I have come across an interesting problem, which I'm sure there must be a standard solution to, but lots of Googling hasn't yielded much (which may mean I'm well off track...).
I am trying to calculate the unweighted mean of several percentages which represent both positive and negative change.
I realise that in most situations, the unweighted mean of percentage increase is fairly meaningless, unless the initial values for all of the percentages are the same; however in this situation I feel that it is the best way to go.

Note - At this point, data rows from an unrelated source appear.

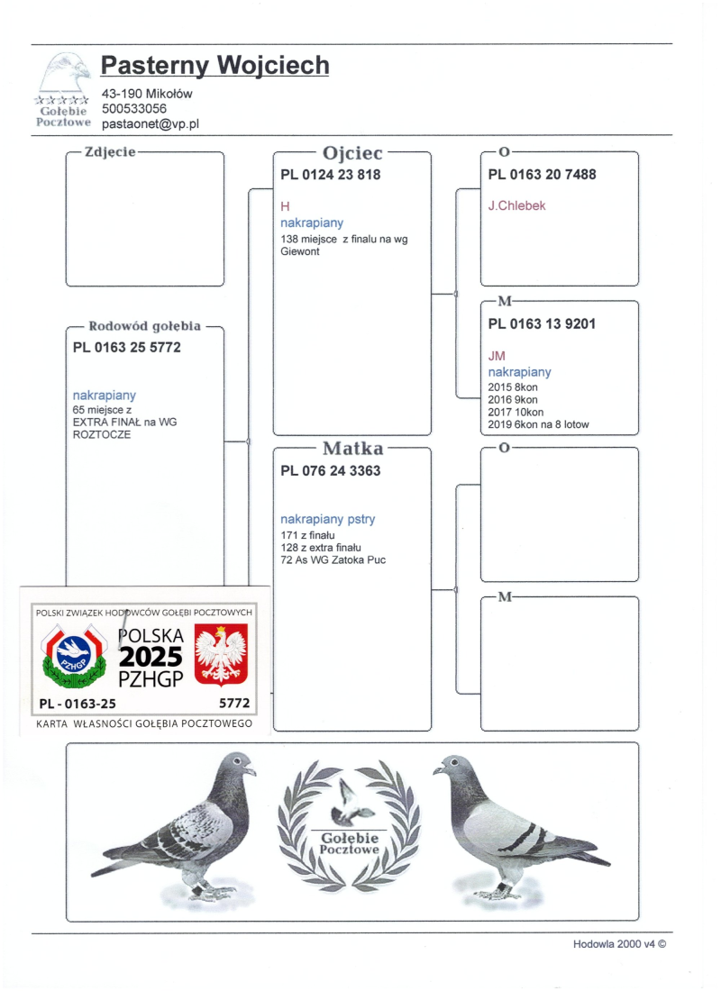 PL-0163-25-5772 WG ROZTOCZE FINAŁ 368poz.505km Extra Finał 65poz 31 Drużyna 2x500km
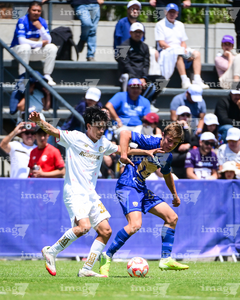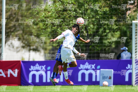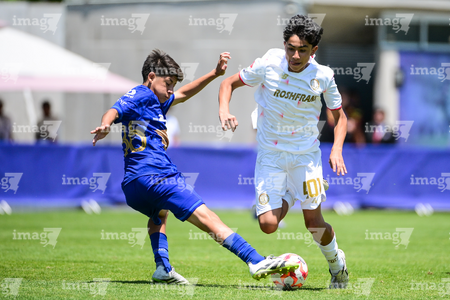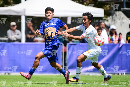 Toluca, Estado de México, 4 de abril de 2026. Josafat Valles y Cristian Alvarado, durante el partido correspondiente a la jornada 2 del torneo 2026 de la Liga BBVA MX categoría Sub14, entre los Diablos Rojos del Toluca y los Pumas de la UNAM, realizado en las instalaciones de la Federación Mexicana de Futbol. Foto: Imago7/ Alexis Chavez
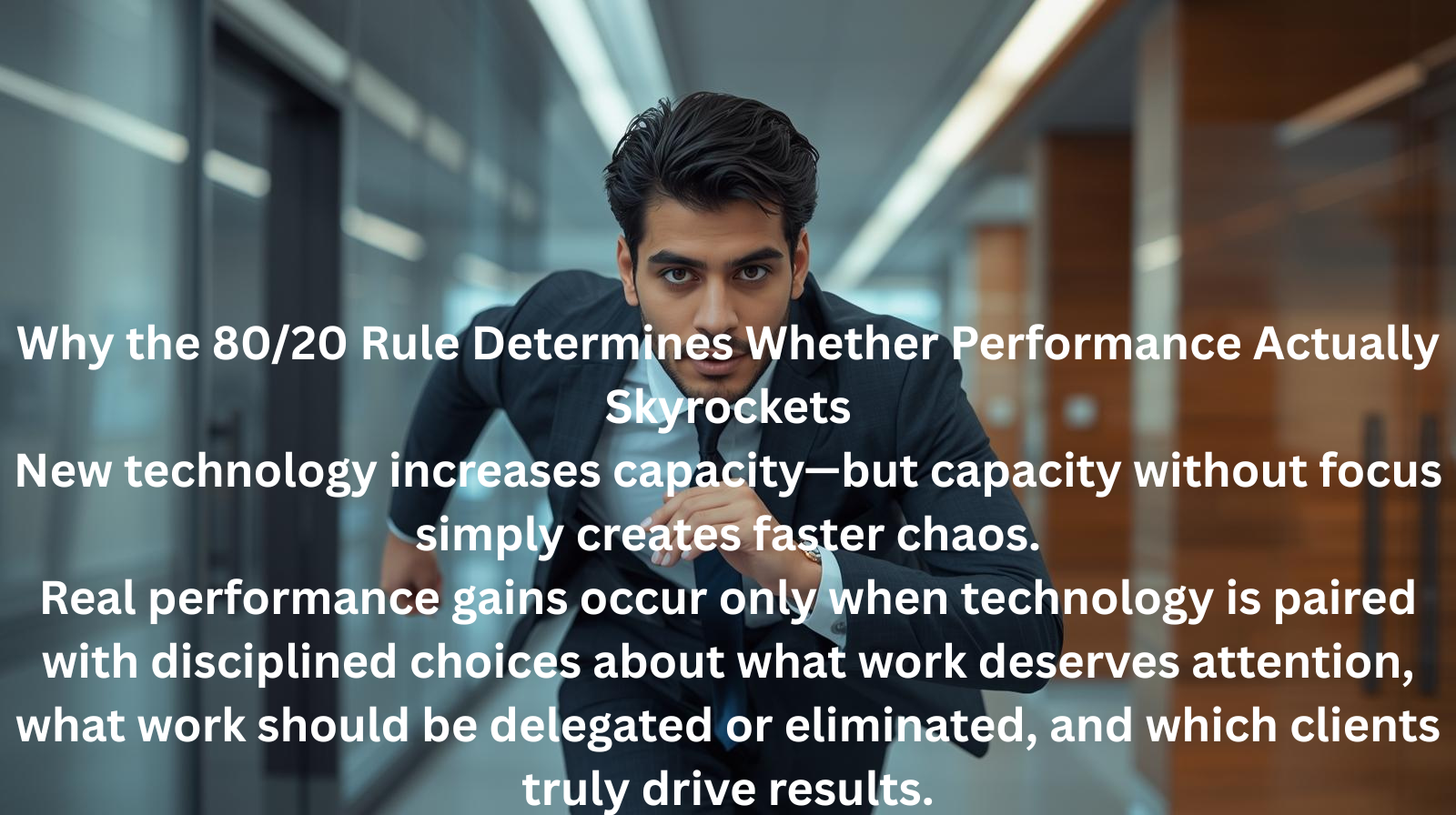 New technology increases capacity—but capacity without focus simply creates faster chaos. Real performance gains occur only when technology is paired with disciplined choices about what work deserves attention, what work should be delegated or eliminated, and which clients truly drive results.
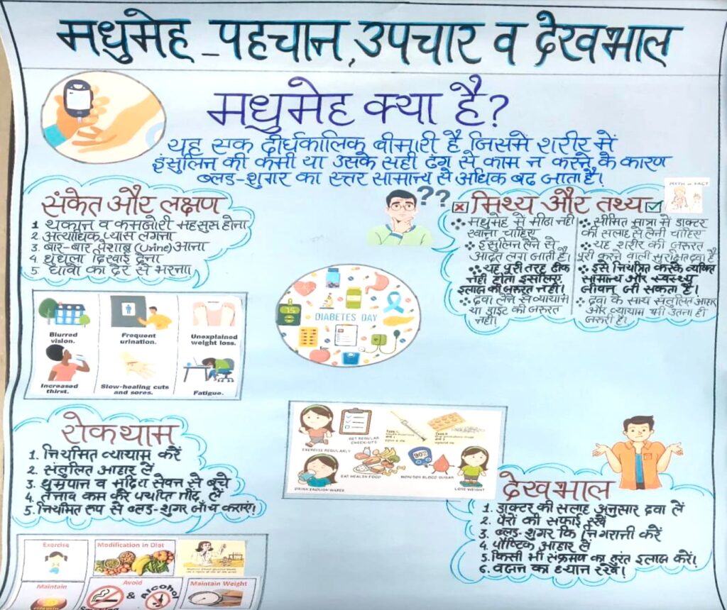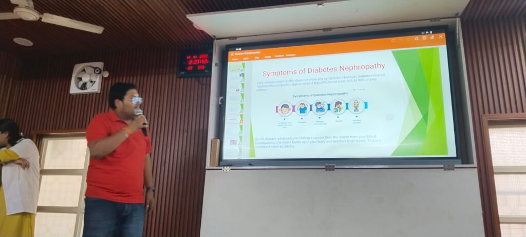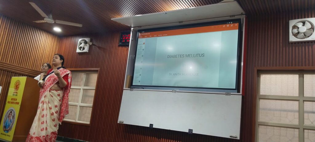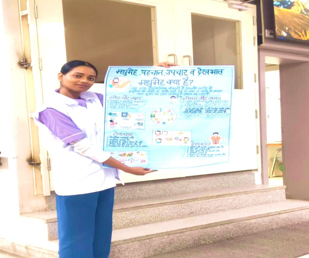 Gayatri, a student of GNM 1st Year, led the health education talk and explained the early signs and symptoms of diabetes in a simple and easy-to-understand manner. She also addressed common myths associated with diabetes and emphasised practical preventive measures such as maintaining a balanced diet, engaging in regular physical activity, managing stress, and monitoring blood sugar levels periodically.
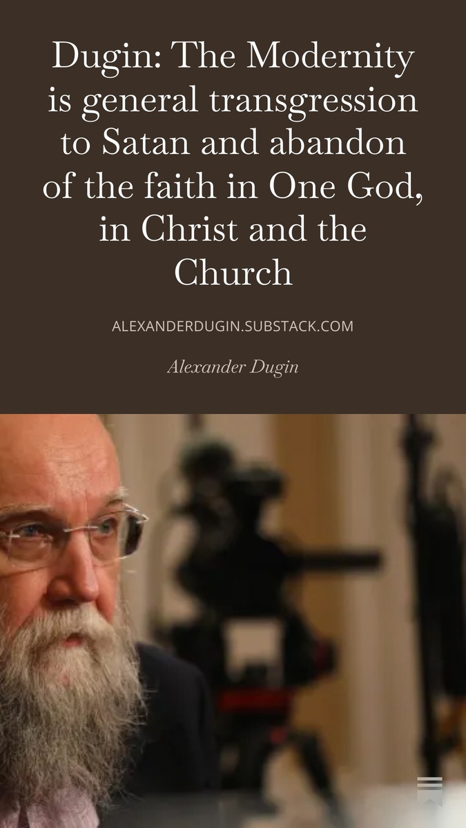 📜 Dugin: The Modernity is general transgression to Satan and abandon of the faith in One God, in Christ and the Church
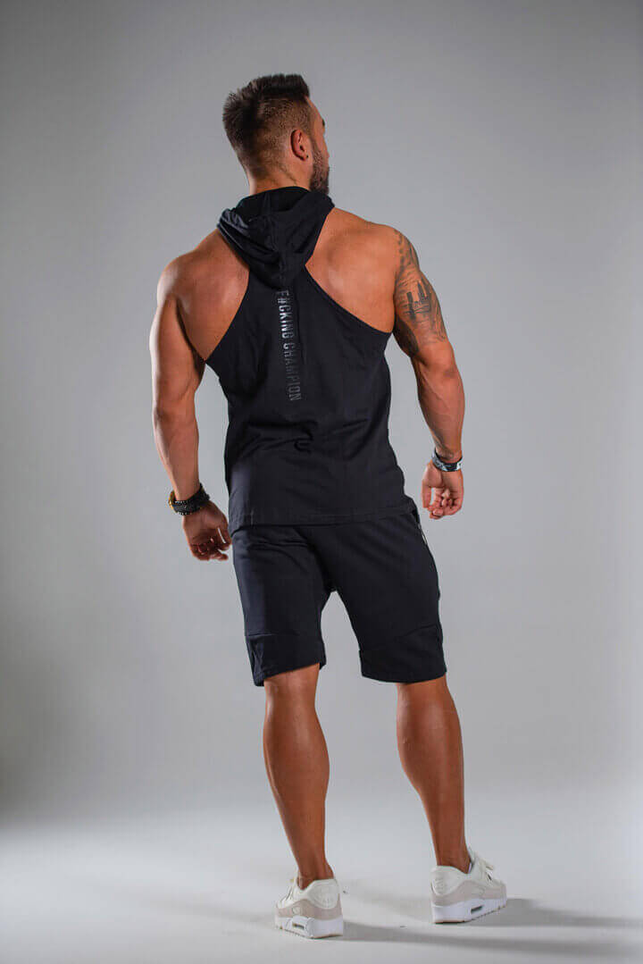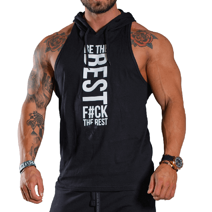 Koszulka bez rękawów z przodu posiada napis motywacyjny „Be The Best F#ck The Rest". To + 30 % do siły!
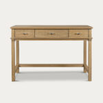 The Rhodes Desk, crafted from oak wood with a rich brown smooth finish, brings timeless elegance to any room. With its functional drawers and beautifully designed structure, this desk adds instant personality and a touch of luxurious antique charm to your space. A must-have piece of furniture in your home, a desk should have character and charm to create a sophisticated workspace that you will want to spend time in, and we think this Rhodes Desk does just that!

I am trying to calculate the average effect of an event on how much an individual gives, which can increase or decrease. If someone doubles their giving, it is just as significant if it goes from 100 to 200 as from 1 to 2, hence unweighted mean. It is also just as significant if someone doubles their giving as if someone halves their giving etc.
My issue however, is that taking a standard arithmetic mean of the percentages yields a value that is unrepresentatively high as an increase counts for more than a decrease. Using the standard formula for percentage change:
q = (b-a)/a,
Yields answers of q = 0 to ∞ for an increase, and q = 0 to -1 for a decrease.
I want a representative figure, such that if the event causes someone to double their giving, this is as significant as if it causes someone to halve their giving. For example:
before (a), after (b), percentage change (q):
100, 200, 1
2, 1, -0.5
Arithmetic mean of percentage change = 0.25; whereas I would like it to equal 0.
I can arrive at something closer to what I am hoping for if I use:
average = (10^mean(q's)) - 1 where q = log(b/a)
or average = (sum(a+b)/sum(a))*mean(q's) where q = (b-a)/(b+a)
but neither of these are quite satisfactory and certainly not standard methods, and so I can't really use them for what I'm working on.
I feel like there must be other situations where this kind of analysis is useful, but is there any standard method for doing this?
Thanks in advance for anyone who can post their thoughts on this.